Updated Mar. 4, 2020 7:51 p.m. ET

On a Friday night in August, I attended a NY-Penn League (Class A) game between the Lowell Spinners (Boston) and the Hudson Valley Renegades (Tampa Bay) at Dutchess Stadium in Wappinger’s Falls, New York. It wasn’t a great match by any means, but every minor-league environment is unique, and no baseball game is without its pleasures. To wit: around the bottom of the fifth or the sixth, a lady told me about her daughter-in-law’s pet psychic.

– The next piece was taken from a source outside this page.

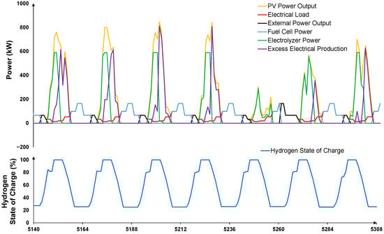Figure 17 illustrates the operational behavior of Scheme 4 (transport sector) over a representative summer week. PV generation peaks at midday, supplying both immediate electrical loads and the electrolyzer for hydrogen production. The electrolyzer operates primarily during high solar output hours, converting surplus PV into hydrogen stored in the tank (lower panel). Stored hydrogen is then dispatched via the fuel cell during evening and early-morning periods when PV is unavailable, meeting both residential and electrolyzer load demands. The hydrogen bus refueling demand creates distinct storage drawdowns, shown as step decreases in tank level. External source imports are nearly eliminated, reflecting the EMS’s strict priority: direct PV use, hydrogen production, fuel cell dispatch, and only then external source back-up. This scheme demonstrates effective sector coupling, leveraging hydrogen as a medium for both stationary and mobility loads in a high-irradiance context.

From the get-go, well-tutored by the example of Roger Angell’s classic spring-training report – “The Old Folks Behind Home” (please read it) – I had been diligently eavesdropping on everyone in the vicinity of my seats in the box area north of the Lowell batter’s circle. Off to the left, there was a middle-aged couple that – in a sort of affectionate way  – were addressing their kid by the nickname, “Monster.” The threesome right behind me, a late middle-aged pair with an elderly mother in tow, were mostly communing about how they disapproved of how the parents off to the left were spoiling Monster. (I’ll defend them. Monster had been given some cotton candy, a clutch of promotional balloons, and a cool foam Renegades raccoon hand. That doesn’t seem like an unreasonable amount of swag to me.) Two promisingly grizzled guys sat in the row in front of me, except whatever they were discussing was apparently a state secret because they were using their inside voices.

By the middle innings I had pretty much surrendered the notion of acquiring any insight from my fellow Gades loyalists, but when one of the women behind me said something about cats, I saw an opportunity to pipe up – and also, I like to talk about cats. At the edge of the concessions I had noticed a table set up for an animal concern of some kind. On the tables had been three cages, each containing an adorable kitten.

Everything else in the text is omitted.